*** Opening of INPUT DATA ***

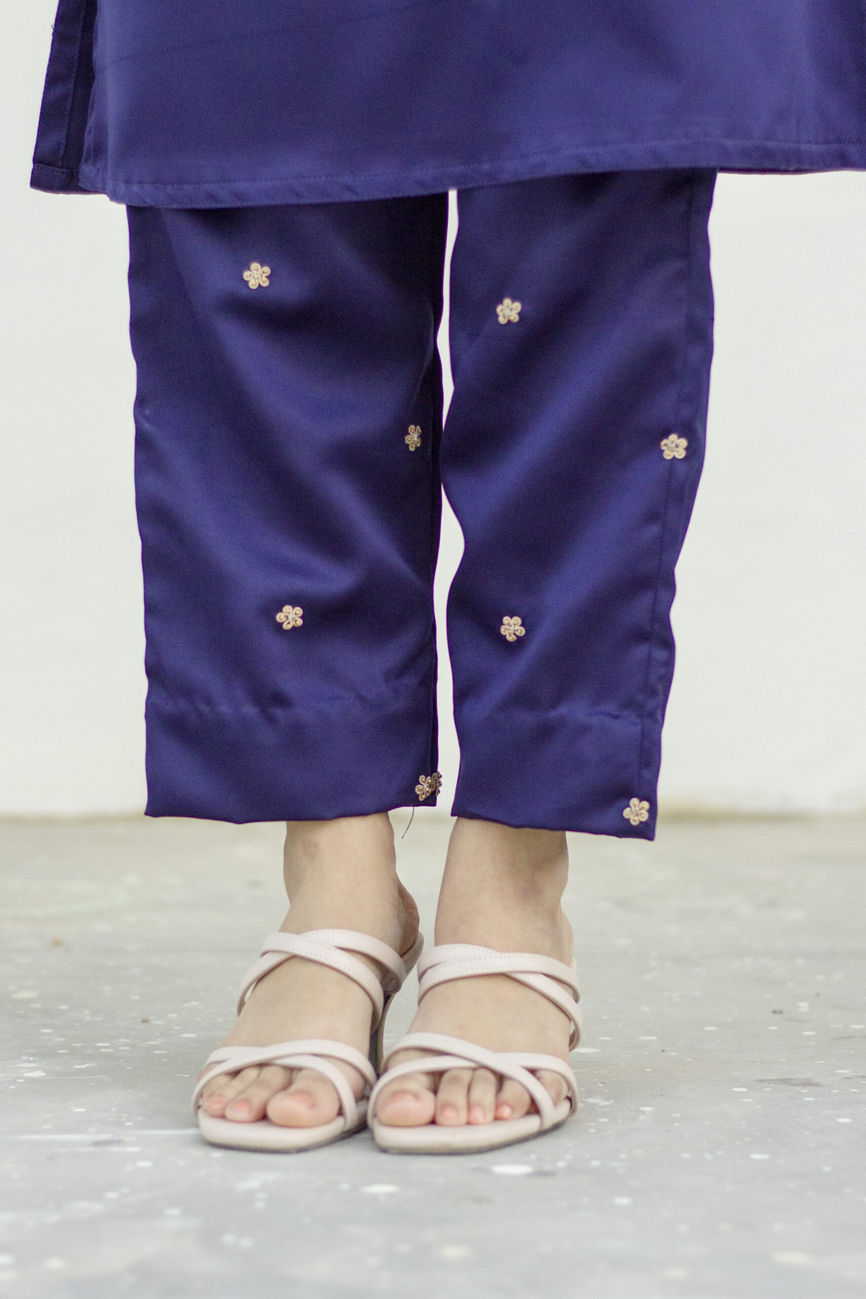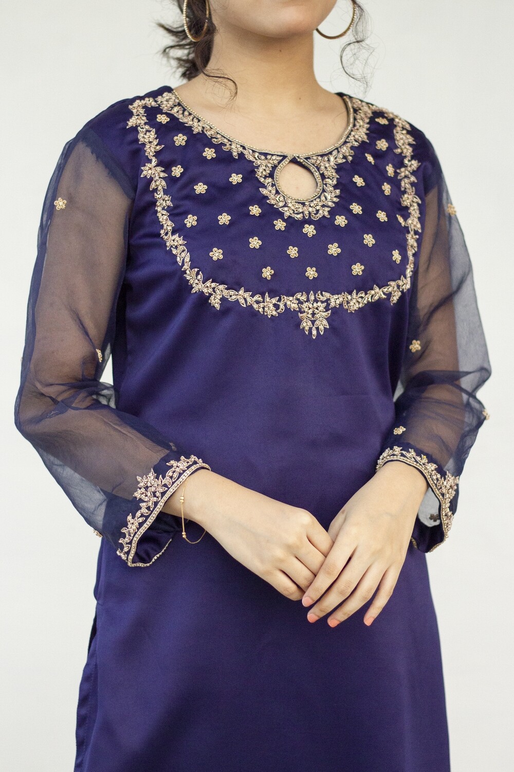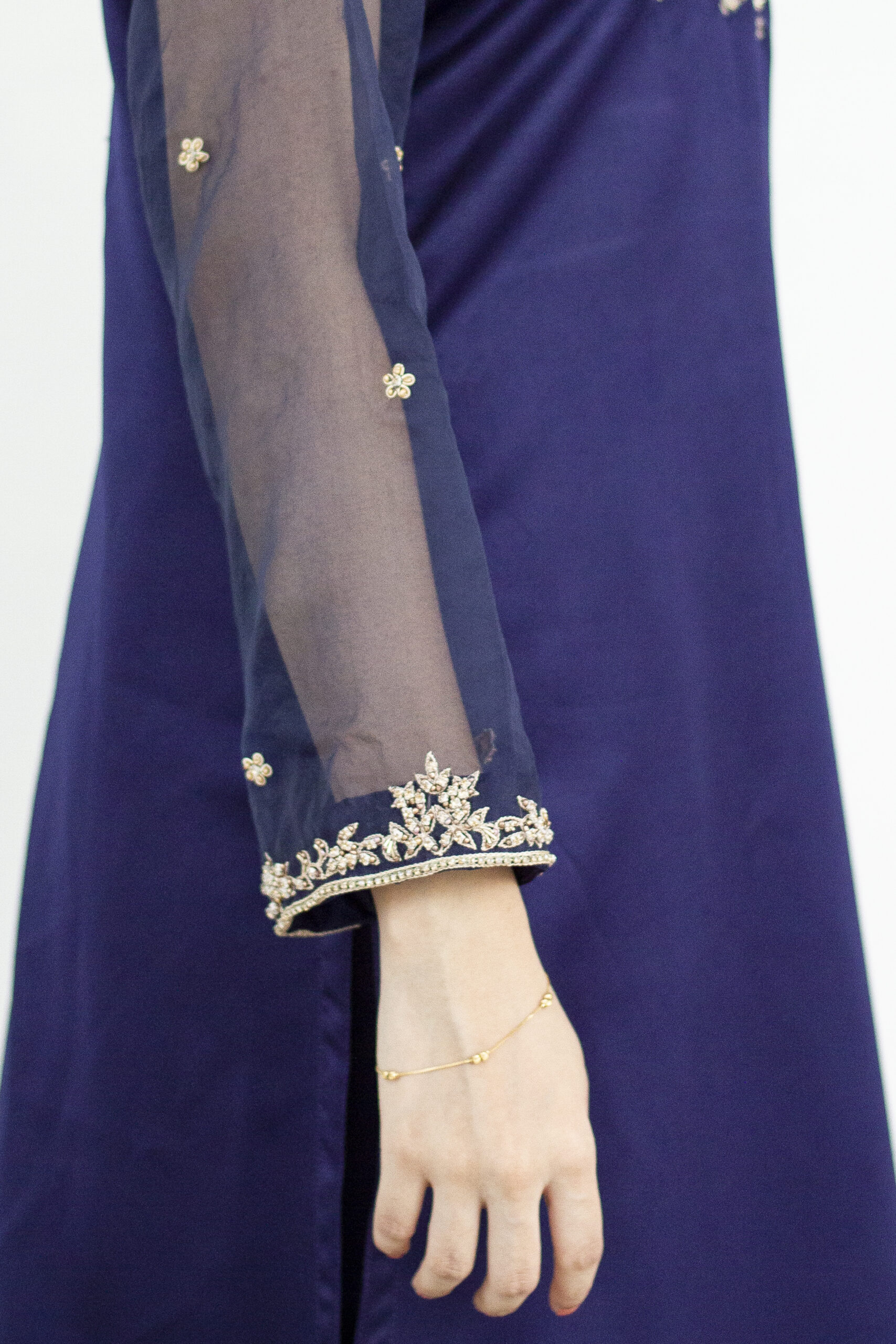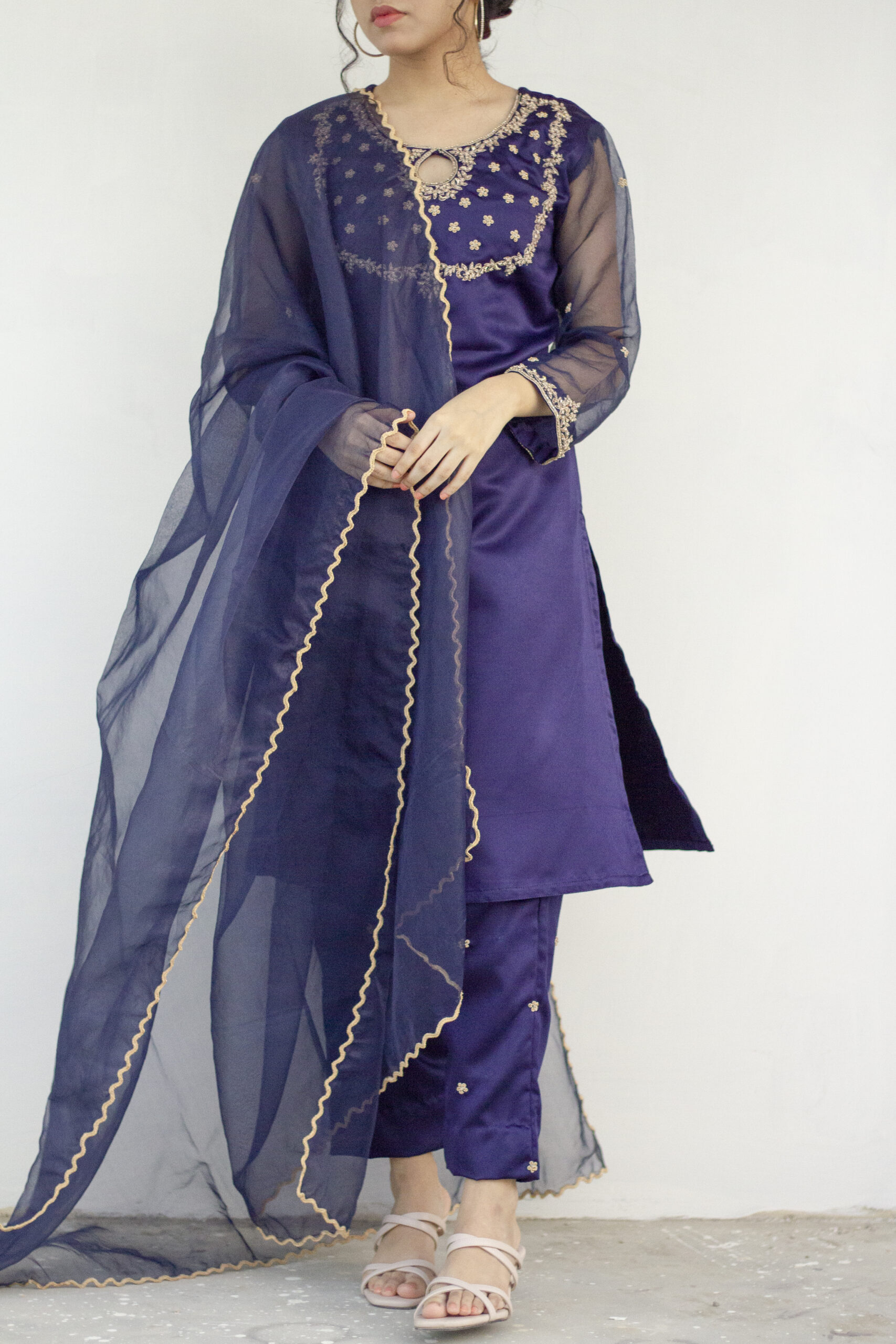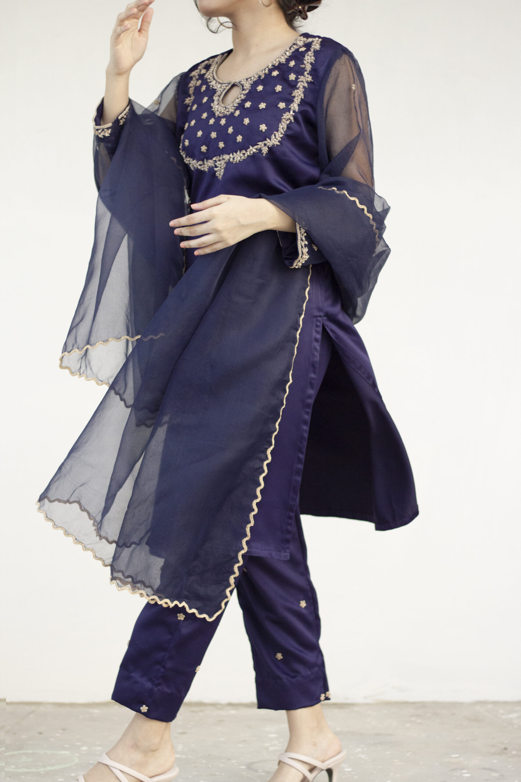 A midnight blue silk set. kameez’s neckline glimmers with detailed handwork of kora, dabka and nug. Trouser of anaya features gold embellishments at the bottom. This captivating set is completed with a midnight blue cut-work organza dupatta.
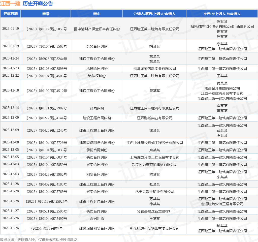 证券之星音讯,依据天眼查APP拂尘,近来发布了一则江西建工榜首修建有限责任公司作为被告/被上诉人的开庭公告,具体内容如下:
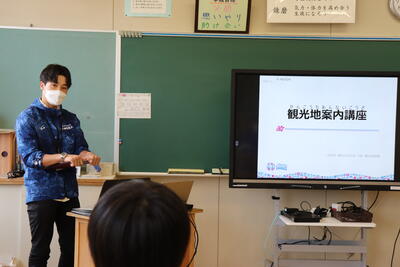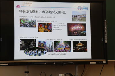 いわき市役所 観光振興課の方に来ていただき、いわき市についてクイズ形式で楽しく、詳しく説明していただきました。

*** Close of INPUT DATA ***

> WHAT IS BEING ASKED
From the line containing "证券之星音讯,依据天眼查AP" down to the end of the data above, reproduce each line exactly; no pictures.

> EXERCISE RESPONSE
 证券之星音讯,依据天眼查APP拂尘,近来发布了一则江西建工榜首修建有限责任公司作为被告/被上诉人的开庭公告,具体内容如下:
 いわき市役所 観光振興課の方に来ていただき、いわき市についてクイズ形式で楽しく、詳しく説明していただきました。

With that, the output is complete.